Reproduce, exactly, the lines of the material below from the line containing "925 Sterling Silver" through the line containing "Villa Nadi, una", with both end lines included and nothing else.

### Material provided
▬▬▬
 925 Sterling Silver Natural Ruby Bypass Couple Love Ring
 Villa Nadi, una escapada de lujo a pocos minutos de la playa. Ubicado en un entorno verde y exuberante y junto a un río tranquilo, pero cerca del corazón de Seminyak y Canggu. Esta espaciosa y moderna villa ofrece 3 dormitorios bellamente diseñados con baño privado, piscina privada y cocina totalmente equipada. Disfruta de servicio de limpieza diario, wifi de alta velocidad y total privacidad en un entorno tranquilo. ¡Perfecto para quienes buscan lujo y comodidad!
▬▬▬
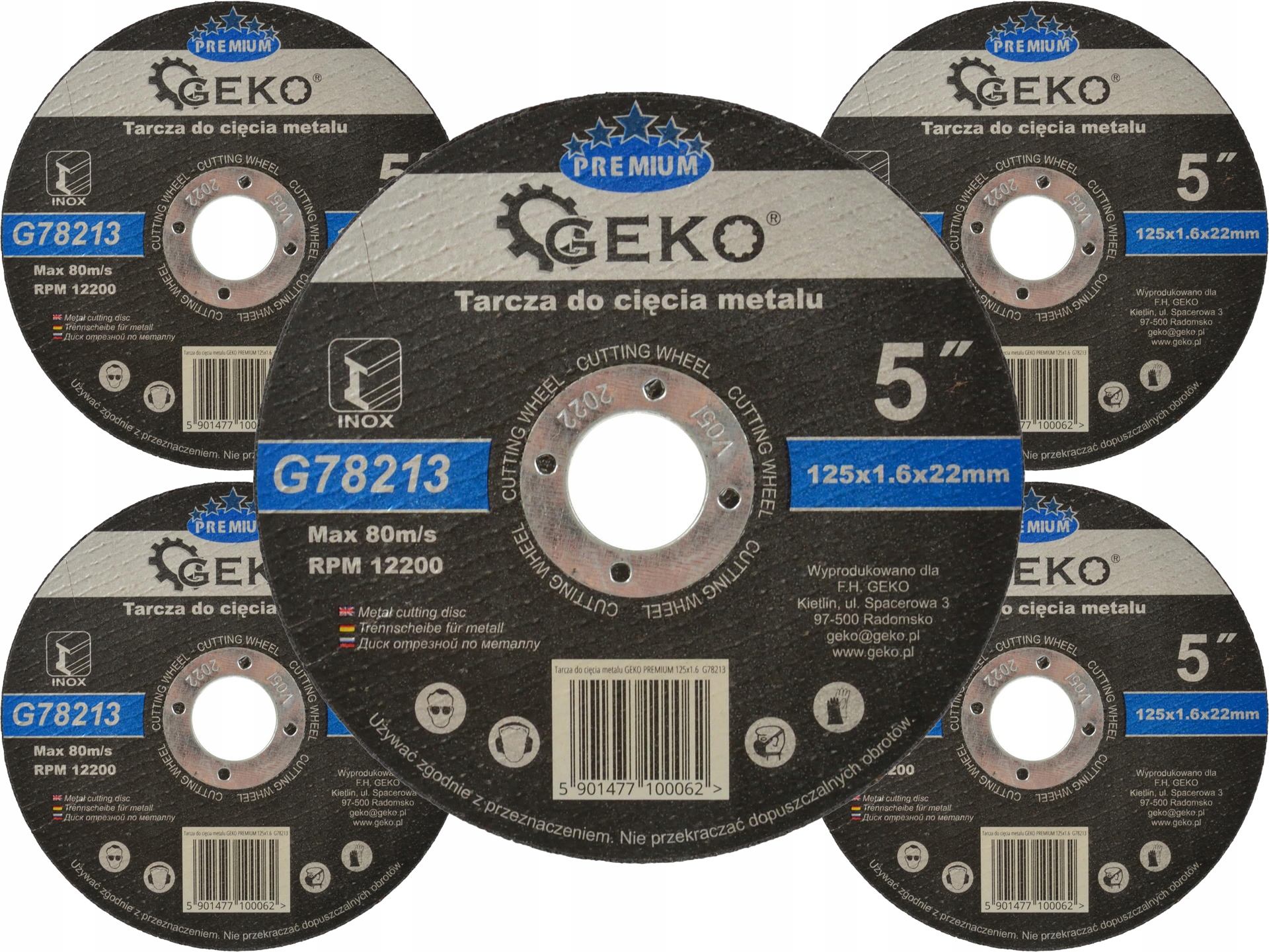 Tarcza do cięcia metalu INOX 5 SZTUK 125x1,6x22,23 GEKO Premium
▬▬▬
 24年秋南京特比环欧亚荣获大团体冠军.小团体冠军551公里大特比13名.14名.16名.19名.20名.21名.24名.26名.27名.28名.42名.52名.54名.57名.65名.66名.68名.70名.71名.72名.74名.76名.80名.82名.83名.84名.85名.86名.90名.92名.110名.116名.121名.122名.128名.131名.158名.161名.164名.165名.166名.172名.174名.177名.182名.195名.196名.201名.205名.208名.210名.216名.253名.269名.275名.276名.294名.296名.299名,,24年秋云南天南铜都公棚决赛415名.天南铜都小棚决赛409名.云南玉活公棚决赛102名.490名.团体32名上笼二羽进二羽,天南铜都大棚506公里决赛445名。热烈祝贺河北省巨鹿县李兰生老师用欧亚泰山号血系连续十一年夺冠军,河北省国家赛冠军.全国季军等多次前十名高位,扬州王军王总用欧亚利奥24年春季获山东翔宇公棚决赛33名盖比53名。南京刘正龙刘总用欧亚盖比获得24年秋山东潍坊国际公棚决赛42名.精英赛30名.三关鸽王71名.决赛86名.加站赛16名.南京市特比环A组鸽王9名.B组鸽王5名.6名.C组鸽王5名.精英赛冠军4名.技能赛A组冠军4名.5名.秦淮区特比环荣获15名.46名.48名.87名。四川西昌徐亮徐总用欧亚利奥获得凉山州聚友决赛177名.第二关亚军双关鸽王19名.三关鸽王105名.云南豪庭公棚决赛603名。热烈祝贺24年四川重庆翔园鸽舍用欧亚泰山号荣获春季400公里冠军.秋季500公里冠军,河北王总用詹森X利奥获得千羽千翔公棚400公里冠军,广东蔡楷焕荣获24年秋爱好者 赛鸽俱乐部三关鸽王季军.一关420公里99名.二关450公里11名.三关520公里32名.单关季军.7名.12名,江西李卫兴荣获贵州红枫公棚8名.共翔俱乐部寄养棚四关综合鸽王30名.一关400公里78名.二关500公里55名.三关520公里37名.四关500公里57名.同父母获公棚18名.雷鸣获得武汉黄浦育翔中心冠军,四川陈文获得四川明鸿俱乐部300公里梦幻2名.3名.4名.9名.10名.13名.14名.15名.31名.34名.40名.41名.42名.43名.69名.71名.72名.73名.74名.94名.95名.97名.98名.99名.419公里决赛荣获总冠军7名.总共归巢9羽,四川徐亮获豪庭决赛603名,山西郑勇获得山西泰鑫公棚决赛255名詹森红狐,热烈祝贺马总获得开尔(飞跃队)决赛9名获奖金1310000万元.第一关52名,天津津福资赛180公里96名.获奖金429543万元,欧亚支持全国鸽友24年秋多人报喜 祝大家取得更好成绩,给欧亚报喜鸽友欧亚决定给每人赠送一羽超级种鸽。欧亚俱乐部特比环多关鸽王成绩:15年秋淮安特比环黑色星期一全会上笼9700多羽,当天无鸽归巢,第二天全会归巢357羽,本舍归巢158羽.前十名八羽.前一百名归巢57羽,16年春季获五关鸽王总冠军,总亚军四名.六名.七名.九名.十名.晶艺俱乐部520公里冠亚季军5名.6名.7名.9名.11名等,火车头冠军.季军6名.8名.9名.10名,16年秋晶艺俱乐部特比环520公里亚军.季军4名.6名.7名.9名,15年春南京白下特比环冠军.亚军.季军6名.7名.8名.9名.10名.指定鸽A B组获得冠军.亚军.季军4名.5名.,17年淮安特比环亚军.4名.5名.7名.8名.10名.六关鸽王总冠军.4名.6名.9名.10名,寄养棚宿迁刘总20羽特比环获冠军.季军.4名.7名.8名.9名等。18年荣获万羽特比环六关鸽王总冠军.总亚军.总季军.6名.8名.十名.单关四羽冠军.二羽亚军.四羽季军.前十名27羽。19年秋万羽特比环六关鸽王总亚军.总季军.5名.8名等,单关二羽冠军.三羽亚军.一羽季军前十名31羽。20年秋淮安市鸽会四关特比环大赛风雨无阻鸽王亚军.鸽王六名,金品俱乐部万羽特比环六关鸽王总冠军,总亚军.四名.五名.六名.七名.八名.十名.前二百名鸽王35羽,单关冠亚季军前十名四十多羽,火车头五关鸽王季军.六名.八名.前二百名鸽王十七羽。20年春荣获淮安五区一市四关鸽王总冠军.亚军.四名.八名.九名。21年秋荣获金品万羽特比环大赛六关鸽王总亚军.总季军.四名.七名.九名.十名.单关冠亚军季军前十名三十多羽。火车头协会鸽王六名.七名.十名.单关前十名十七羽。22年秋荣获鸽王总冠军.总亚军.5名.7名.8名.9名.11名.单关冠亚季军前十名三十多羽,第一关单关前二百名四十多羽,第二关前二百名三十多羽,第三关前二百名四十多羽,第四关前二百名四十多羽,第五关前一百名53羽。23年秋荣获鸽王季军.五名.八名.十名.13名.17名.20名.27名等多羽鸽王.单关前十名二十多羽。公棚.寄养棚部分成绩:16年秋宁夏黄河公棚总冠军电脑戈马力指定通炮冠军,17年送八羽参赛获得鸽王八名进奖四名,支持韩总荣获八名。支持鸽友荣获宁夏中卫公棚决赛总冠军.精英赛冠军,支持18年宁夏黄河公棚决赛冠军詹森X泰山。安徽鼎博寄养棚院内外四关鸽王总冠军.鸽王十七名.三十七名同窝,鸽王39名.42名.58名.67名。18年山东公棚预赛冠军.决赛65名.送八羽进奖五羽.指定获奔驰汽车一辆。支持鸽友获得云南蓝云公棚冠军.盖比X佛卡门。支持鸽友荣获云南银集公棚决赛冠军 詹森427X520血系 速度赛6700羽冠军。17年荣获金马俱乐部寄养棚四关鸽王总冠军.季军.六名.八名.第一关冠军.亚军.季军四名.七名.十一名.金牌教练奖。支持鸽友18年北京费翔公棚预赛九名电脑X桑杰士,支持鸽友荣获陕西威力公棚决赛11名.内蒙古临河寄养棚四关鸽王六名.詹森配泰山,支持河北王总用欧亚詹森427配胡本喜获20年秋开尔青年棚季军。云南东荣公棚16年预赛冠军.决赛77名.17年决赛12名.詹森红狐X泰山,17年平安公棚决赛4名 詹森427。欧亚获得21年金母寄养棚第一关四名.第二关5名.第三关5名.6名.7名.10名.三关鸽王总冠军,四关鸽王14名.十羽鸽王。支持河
▬▬▬
### Your solution
 925 Sterling Silver Natural Ruby Bypass Couple Love Ring
 Villa Nadi, una escapada de lujo a pocos minutos de la playa. Ubicado en un entorno verde y exuberante y junto a un río tranquilo, pero cerca del corazón de Seminyak y Canggu. Esta espaciosa y moderna villa ofrece 3 dormitorios bellamente diseñados con baño privado, piscina privada y cocina totalmente equipada. Disfruta de servicio de limpieza diario, wifi de alta velocidad y total privacidad en un entorno tranquilo. ¡Perfecto para quienes buscan lujo y comodidad!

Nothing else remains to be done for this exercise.